══ Raw data ══

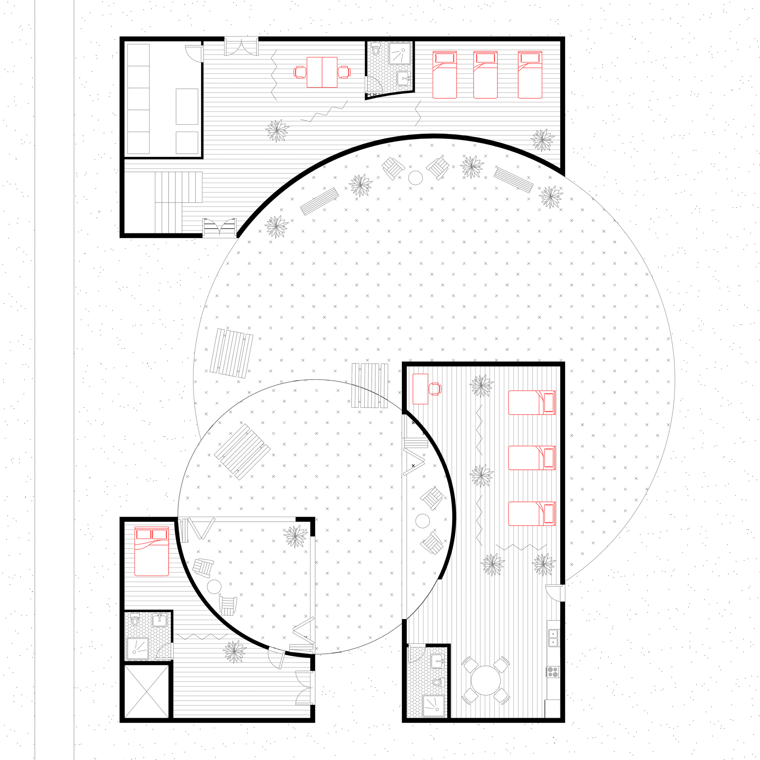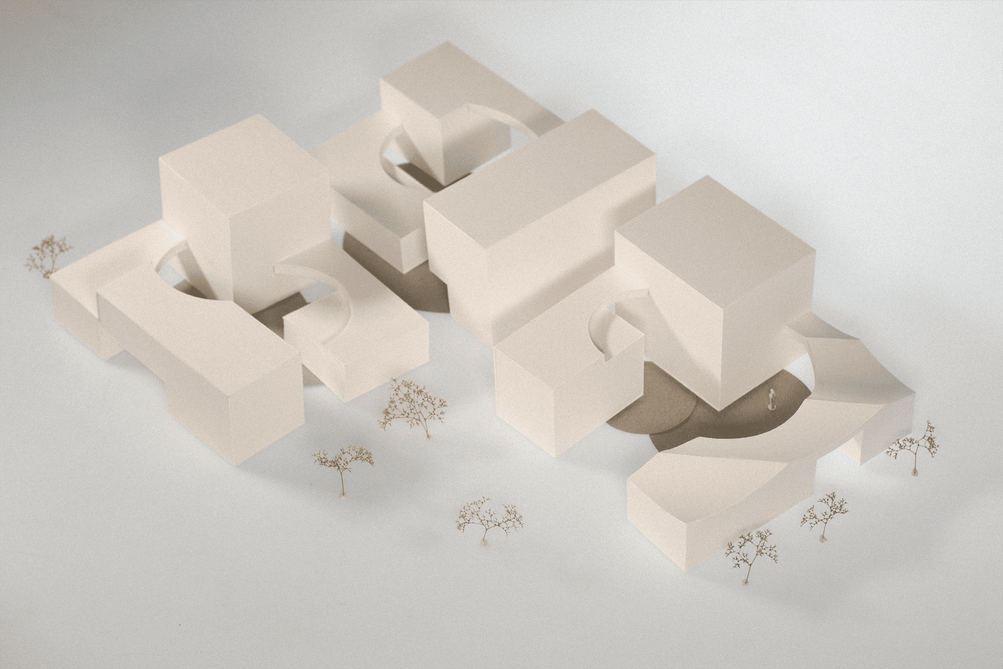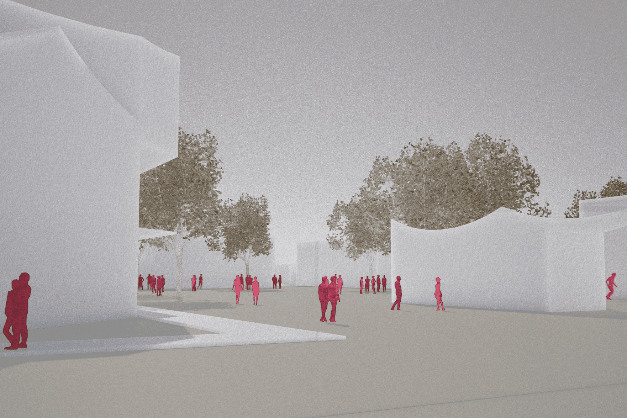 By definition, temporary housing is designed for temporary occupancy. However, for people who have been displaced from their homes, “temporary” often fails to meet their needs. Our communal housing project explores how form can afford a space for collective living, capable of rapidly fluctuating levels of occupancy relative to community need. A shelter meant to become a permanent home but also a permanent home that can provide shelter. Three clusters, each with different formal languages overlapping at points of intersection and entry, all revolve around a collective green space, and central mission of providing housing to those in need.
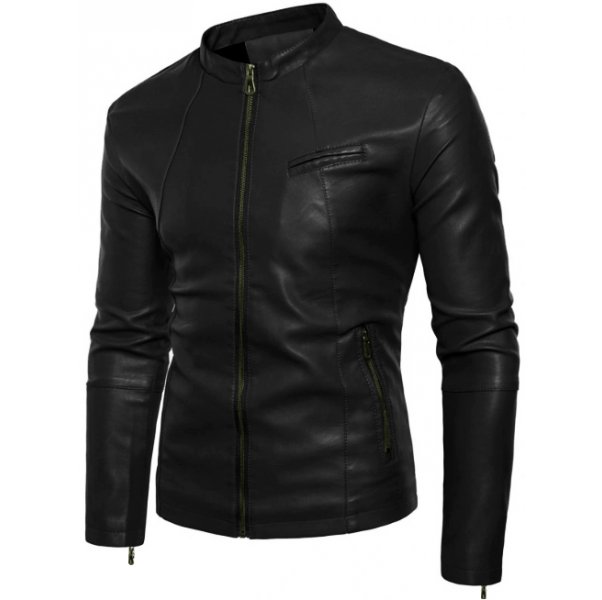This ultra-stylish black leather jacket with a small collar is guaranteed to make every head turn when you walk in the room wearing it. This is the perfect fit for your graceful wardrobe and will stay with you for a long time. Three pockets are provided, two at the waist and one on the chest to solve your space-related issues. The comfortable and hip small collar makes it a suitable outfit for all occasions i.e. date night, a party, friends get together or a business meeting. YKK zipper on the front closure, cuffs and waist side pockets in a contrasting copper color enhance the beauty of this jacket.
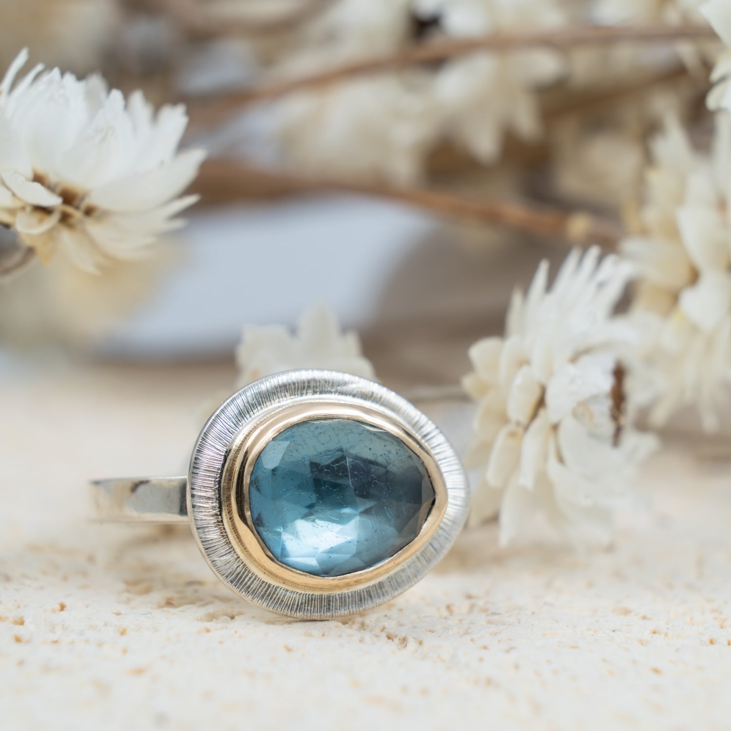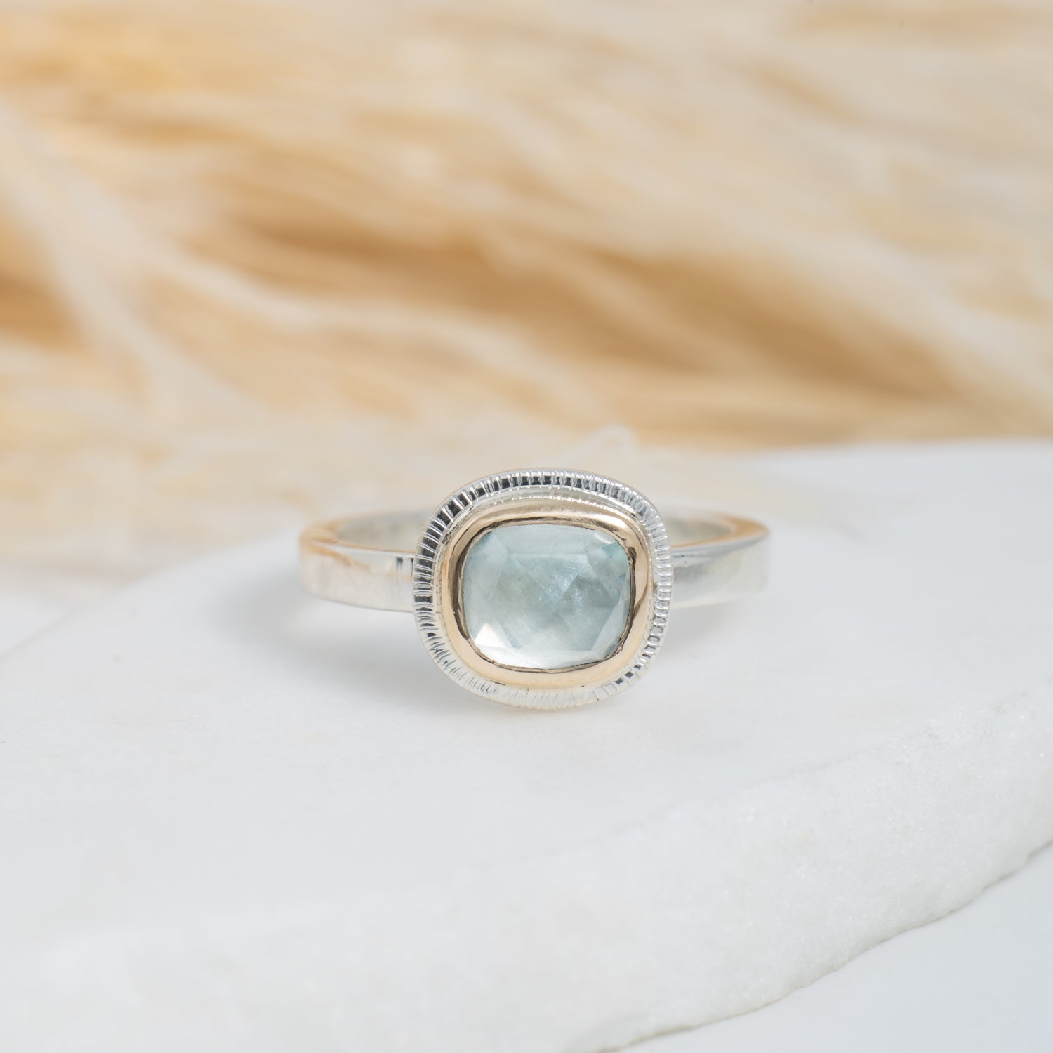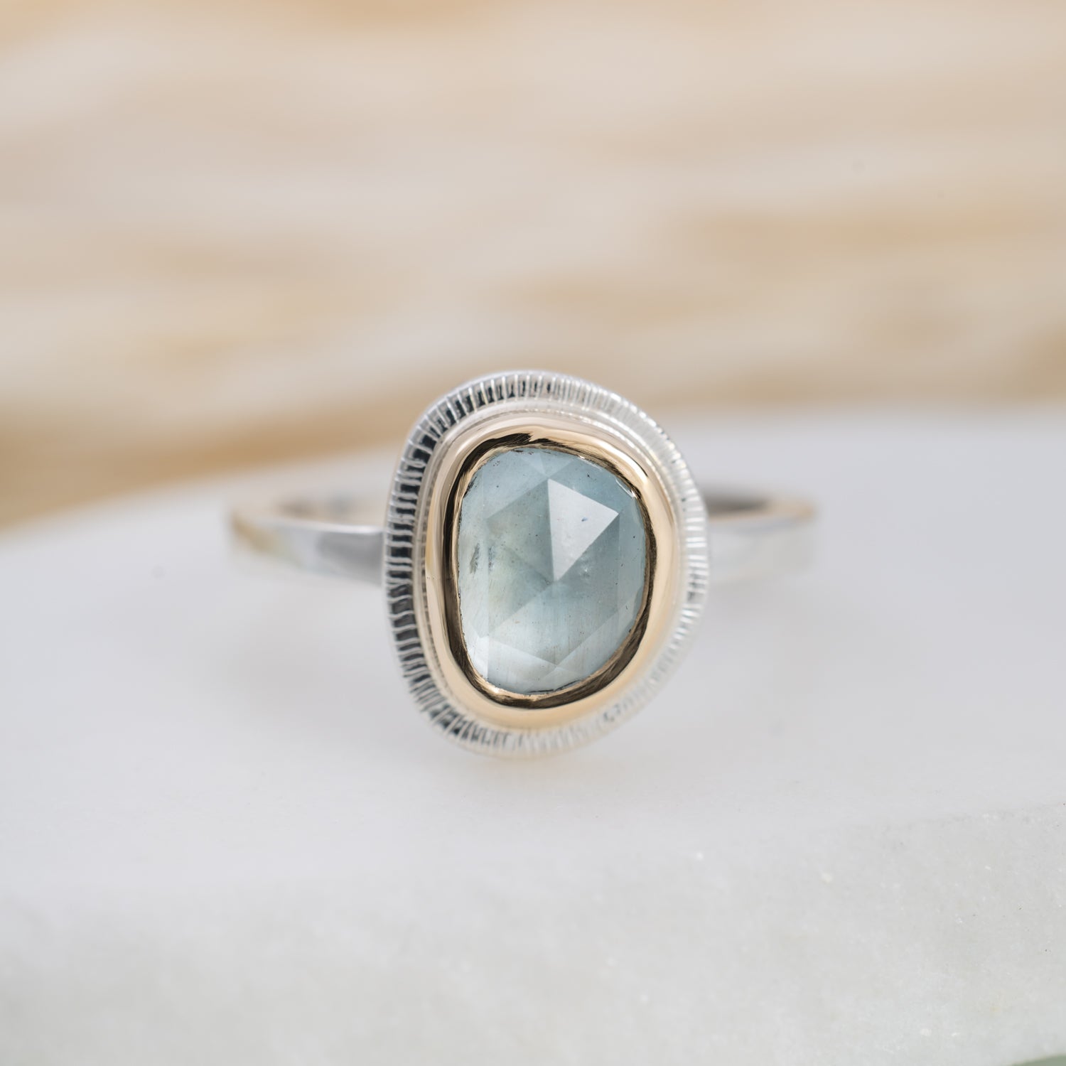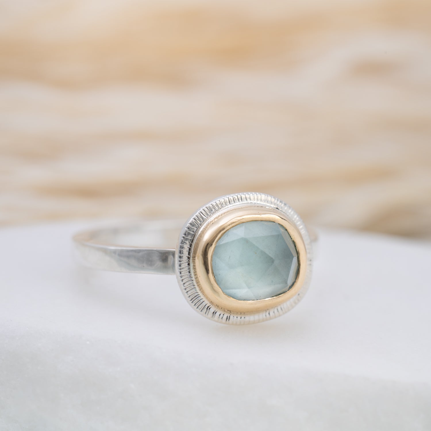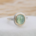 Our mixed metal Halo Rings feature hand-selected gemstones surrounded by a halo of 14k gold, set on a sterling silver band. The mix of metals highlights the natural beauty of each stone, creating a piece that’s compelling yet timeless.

═══

#### To do:
No picture is to be included when the lines from the one containing "This ultra-stylish black" through the end of the material above are output exactly; nothing else is written.

#### Output for this task:
This ultra-stylish black leather jacket with a small collar is guaranteed to make every head turn when you walk in the room wearing it. This is the perfect fit for your graceful wardrobe and will stay with you for a long time. Three pockets are provided, two at the waist and one on the chest to solve your space-related issues. The comfortable and hip small collar makes it a suitable outfit for all occasions i.e. date night, a party, friends get together or a business meeting. YKK zipper on the front closure, cuffs and waist side pockets in a contrasting copper color enhance the beauty of this jacket.
 Our mixed metal Halo Rings feature hand-selected gemstones surrounded by a halo of 14k gold, set on a sterling silver band. The mix of metals highlights the natural beauty of each stone, creating a piece that’s compelling yet timeless.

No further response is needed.